Thursday, January 19, 2012

guilty pleasures.

cosmo magazine.
junk food.
vampire diaries.
facebook stalking.

these are the deep dark things
i just can't live without

keep dancing like an angel scout.

my michael wrote me these words. and he has never even seen me dance. he believes in me. and that alone gives me strength to believe in my self.

talk about embarrassing.

oh boy bloggers. i have gone weeks without changing my font size because i couldn't figure the darn thing out anymore. than i found the right button to push for it to give me what i wanted. it was right in front of my face. oh boy. talk about embarrassing.

Friday, January 6, 2012

epiphany.

most of my blog posts lately have been about my lovely missionary. and i think that may be because he is always on my mind. he has been gone for 5 months and a couple weeks. and no i do not have an exact count down (i am not a crazy person). we have been together for 1 year and 7 months. and let me tell you. though it is hard to have him gone. and have to be alone for awhile. i consider myself so blessed.

i got straight a's this semester. which i guarentee would not have happened if he were with me.

i have gotten to know his family on a level that is completely wonderful. his sister is one of my bestest best friends and i really feel like i am one of the bybee's. and i wouldn't have really gotten to know them on this level if he were here.

i wouldn't be as patient as i am becoming if he were here. it takes alot of work to have him be away from me, but i know that because he is out serving the lord and i am waiting, i will be a more patient and loving mother one day.

if he weren't gone i would probably be married to him by now. and though i love him with all of my heart, i am not ready to be married yet. i have a lot of growing up to do before i will be. and maybe i will be ready in two year maybe in 10. but having this time to be independent is really helping me out.

if he weren't gone i wouldn't get to recieve his letters (right now once a month). i have always been old fashioned and i love that though he is gone i can read his letters and feel his love not only for me, but for his lord and the people of his mission. he is really becoming the man i want to have forever.

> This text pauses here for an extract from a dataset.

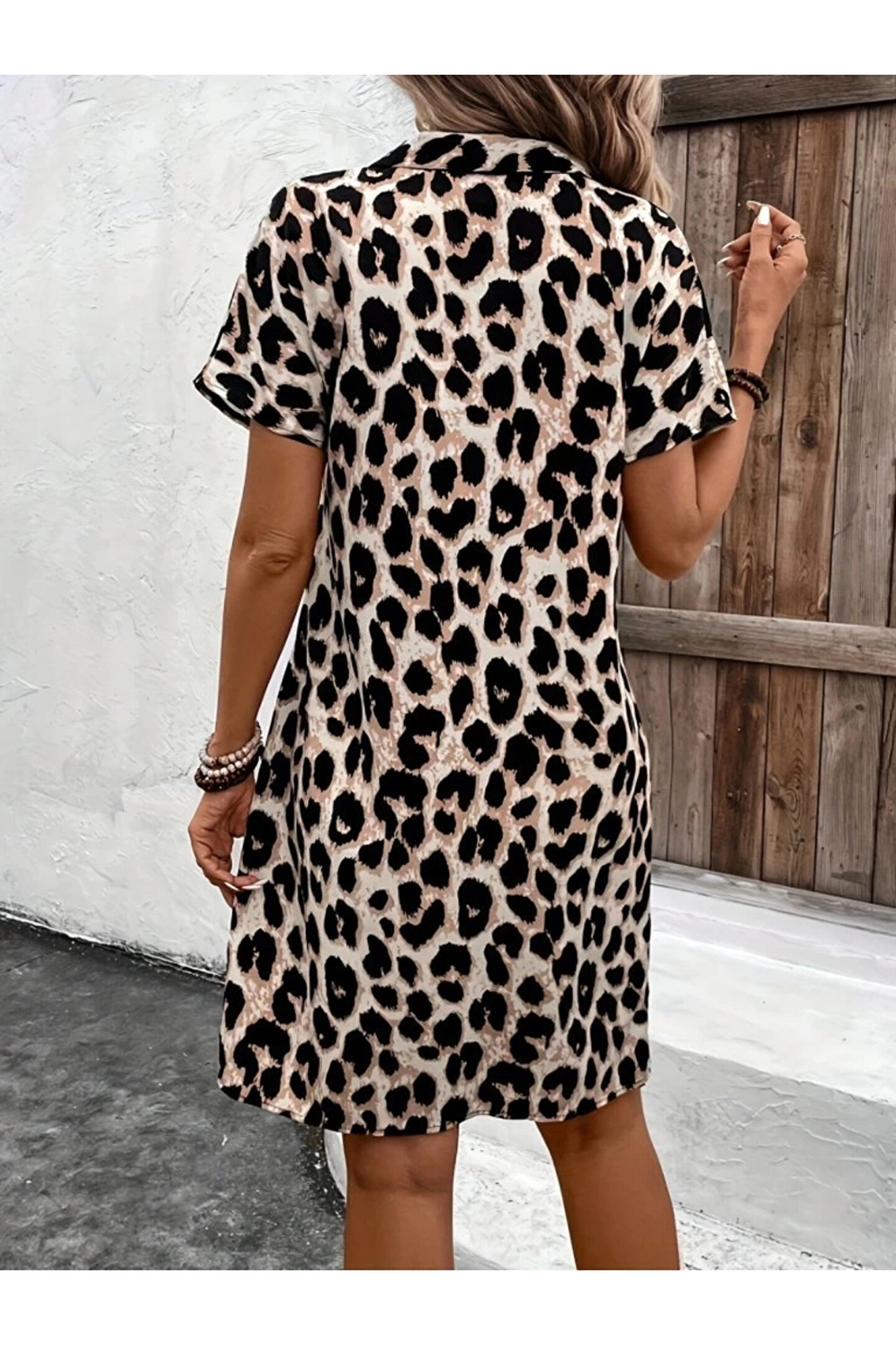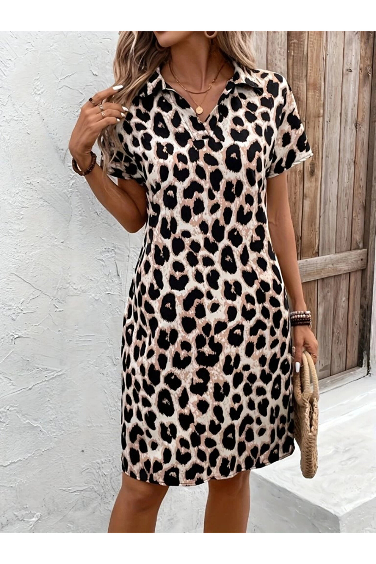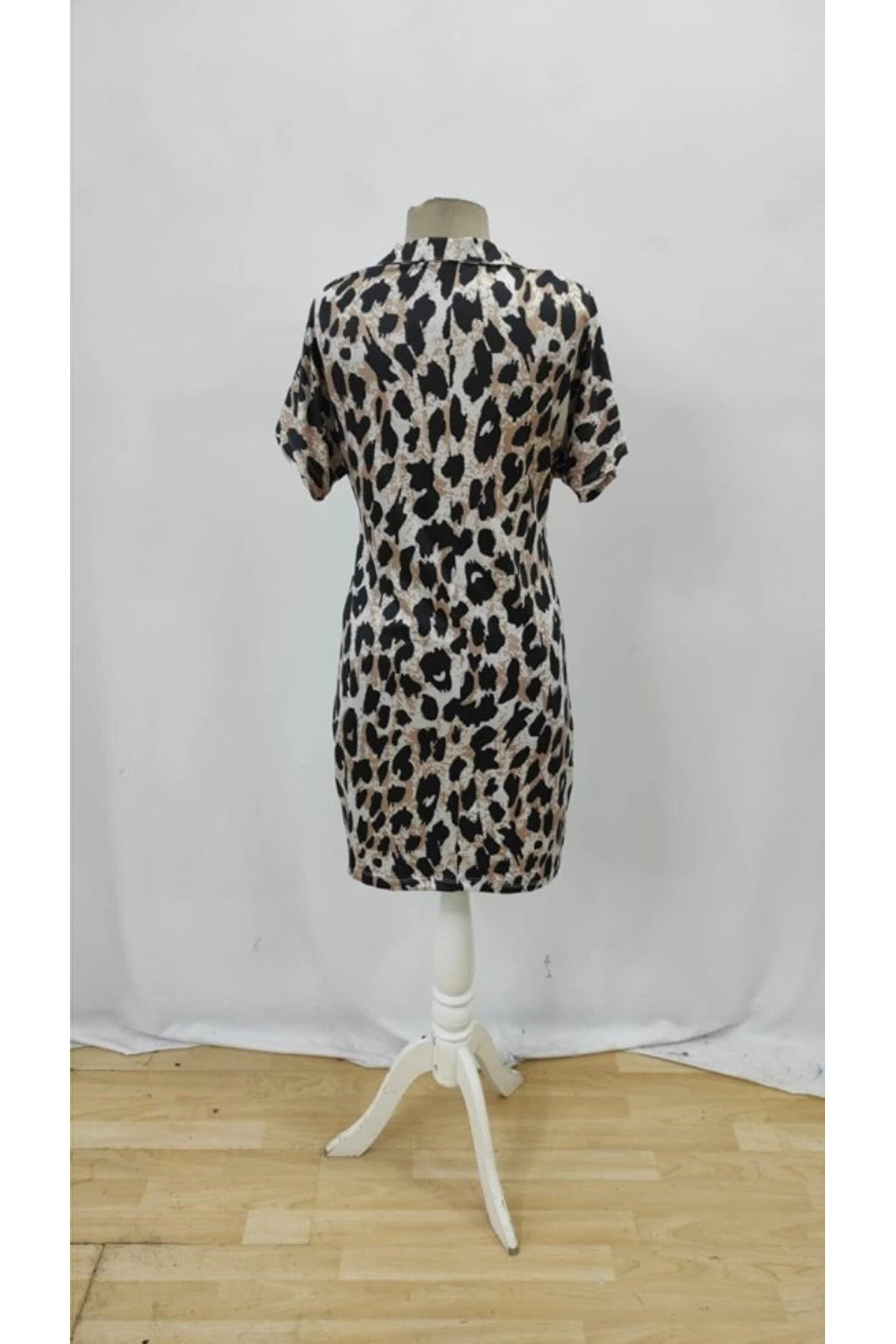 Kadın Kısa Kollu Yakalı Leopar Desenli Süprem Elbise

i had this epiphany just now. it is hard to have him away, but i am being blessed because he is. i worry, i pray, and i can't get him off my mind. this is a love i wouldn't trade for anything in the world.

i know we can make it work.

gems.



mine and michael bowman's love bowl when we went to color me mine on our anniversary.



michael bowman and i at his family yard sale. we found a giant mirror.


these are some little gem's i found from my lovely's mobile upload folder. remembering makes me really happy.